III. Ecosmos: A Revolutionary Fertile, Habitable, Solar-Bioplanet, Incubator Lifescape

2. Computational Systems Physics: Self-Organization, Active Matter

Naldi, Giovanni, et al, eds. Mathematical Modeling of Collective Behavior in Socio-Economic and Life Sciences. Boston: Birkhauser. 2010. University of Milan (Naldi), Ferrera (Lorenzo Pareschi), and Pavia (Guiseppe Toscani) systems physicists provide, per the Preface quotes next, a cogent update on the worldwide discovery of a universality of complex dynamical systems of agents and affairs. As an emergent convergence, statistical mechanics and complexity science now flow together to reveal a new genesis nature from molecule to metropolis.

The description of emerging collective behaviors and self–organization in a group of interacting individuals has gained increasing interest from various research communities in biology, engineering, physics, as well as sociology and economics. In the biological context, swarming behavior of bird flocks, fish schools, insects, bacteria, and people is a major research topic in behavioral ecology with applications to artificial intelligence. Likewise, emergent economic behaviors, such as distribution of wealth in a modern society and price formation dynamics, or challenging social phenomena such as the formation of choices and opinions are also problems in which the emergence of collective behaviors and universal equilibria has been shown. (v)

The novelty here is that important phenomena in seemingly different areas such as sociology, economy and biology can be described by closely related mathematical models. In this book we present selected research topics that can be regarded as new and challenging frontiers of applied mathematics. These topics have been chosen to elucidate the common methodological background underlining the main idea of this book: to identify similar modeling approaches, similar analytical and numerical techniques, for systems made out of a large number of “individuals” that show a “collective behavior,” and obtain from them “average” information. The expertise obtained from dealing with physical situations is considered as the basis for the modeling and simulation of problems for applications in the socio-economic and life sciences, as a newly emerging research field. In most of the selected contributions, the main idea is that the collective behaviors of a group composed of a sufficiently large number of individuals (agents) could be described using the laws of statistical mechanics as it happens in a physical system composed of many interacting particles. This opens a bridge between classical statistical physics and the socio-economic and life sciences. (v-vi)
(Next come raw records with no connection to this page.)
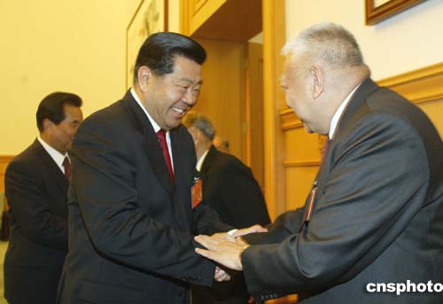 圖:賈慶林和董建華互致問候
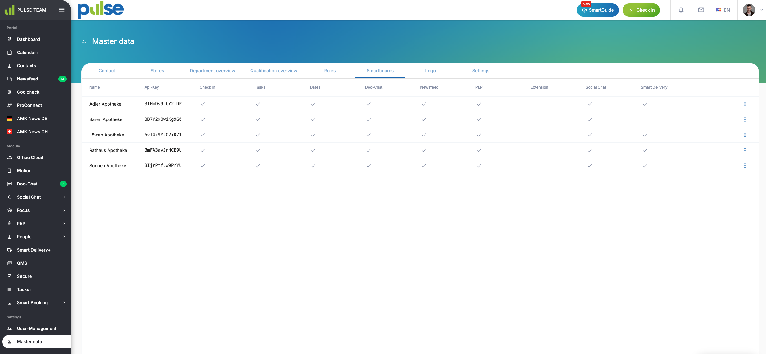 Sie können den API-Key im PULSE Portal unter Stammdaten → Smartboards nachvollziehen.
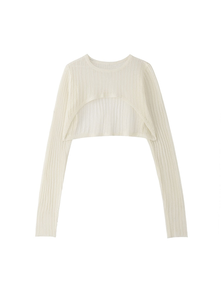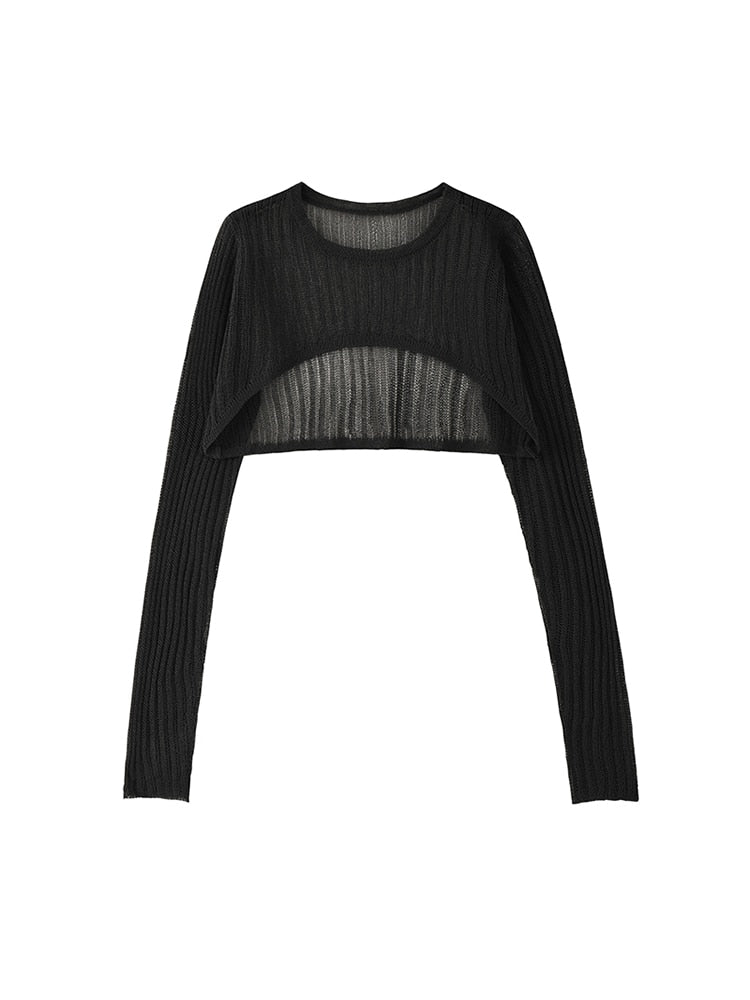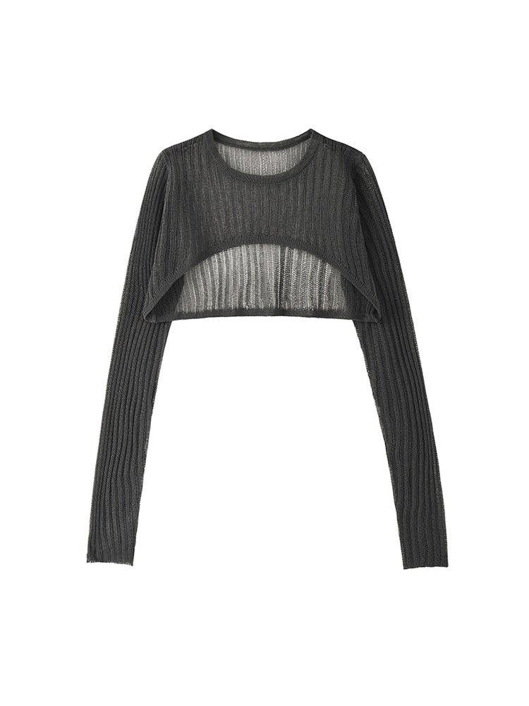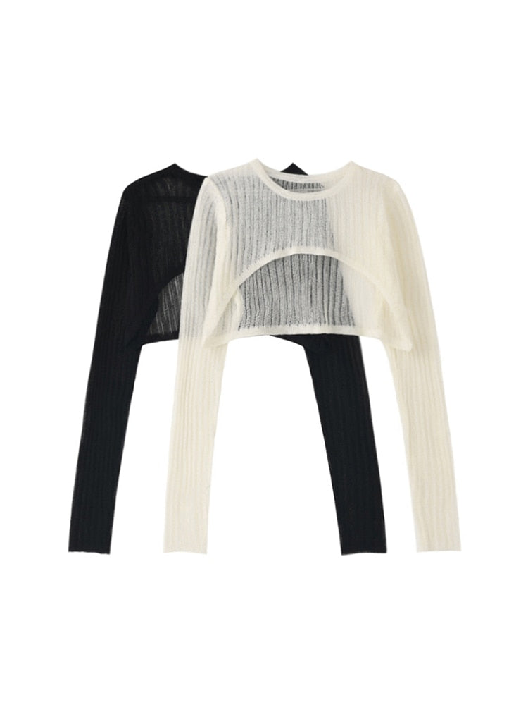 New Spring Autumn Stylish Korean Loose Casual Sexy Thin O-Neck Crop Tops long sleeve Blouse Knitted Pullovers Party Streetwear
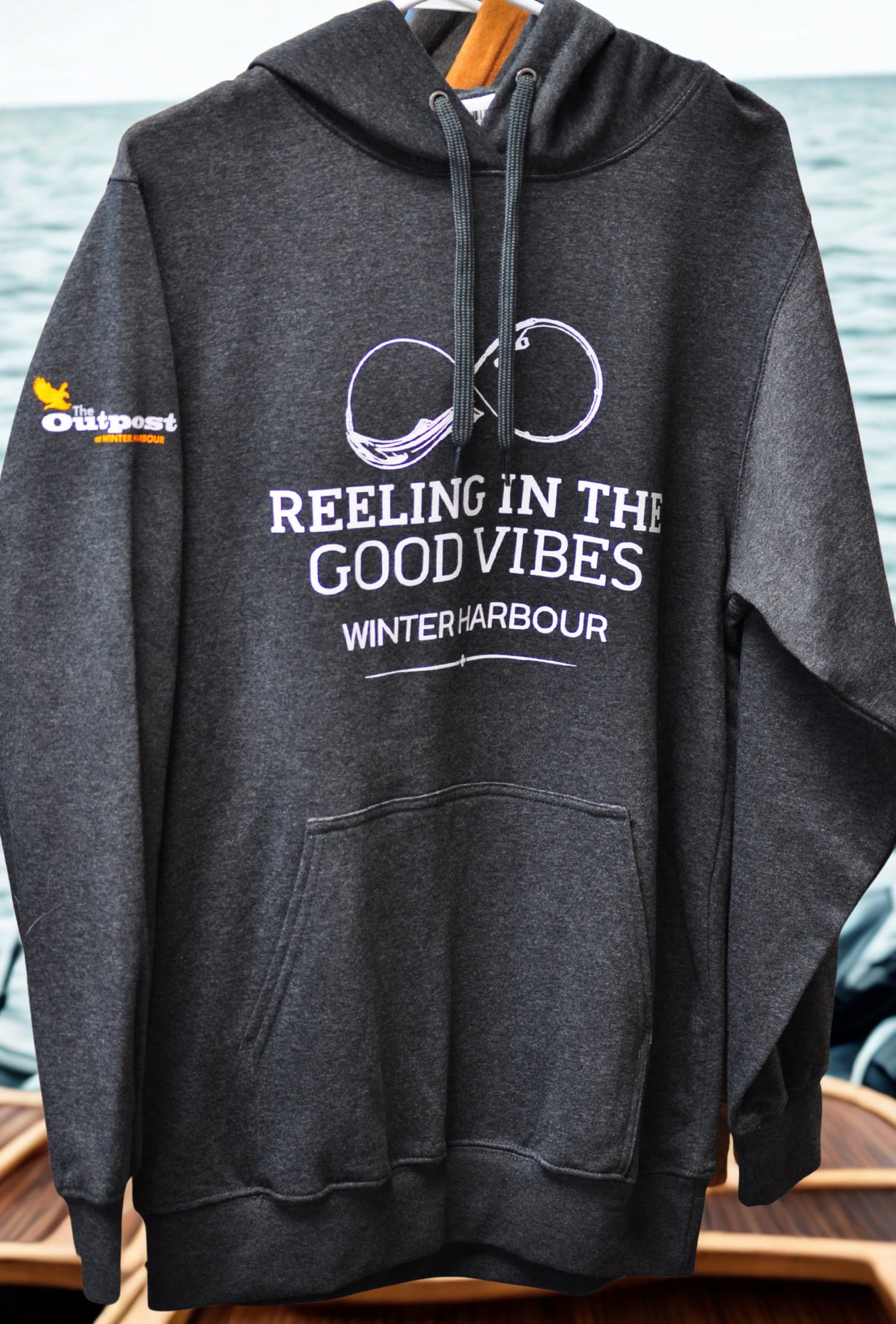 The black speckle and military green hoodies also have an Outpost Logo on the right arm.

Nardini, Cesare, et al. Entropy Production in Field Theories without Time Reversal Symmetry: Quantifying the Non-Equilibrium Character of Active Matter. Physical Review X. 7/021007, 2017. A six member team with postings in the UK, Scotland, and France press this theoretical frontier researching these lively propensities of material nature as they engender self-emergent animate behaviors.

Needleman, Daniel and Zvonimir Dogic. Active Matter at the Interface between Materials Science and Cell Biology. Nature Reviews Materials. 2/17048, 2017. We cite this entry by Harvard and Brandeis University physicists as a latest iconic case of human endeavors to learn and express what innate essence that extant nature might actually have. In regard, the paper opens with a quote by Gottfried Leibniz from Jessica Riskin’s fine history The Restless Clock (2016 herein) that intertwines machine and organism aspects. We add three quotes which reflect the conflation. The consideration is that this novel 2010s perception of intrinsic, non-equilibrium, self-organized vitalities may finally achieve a quantified meld of physical matter and animate biology.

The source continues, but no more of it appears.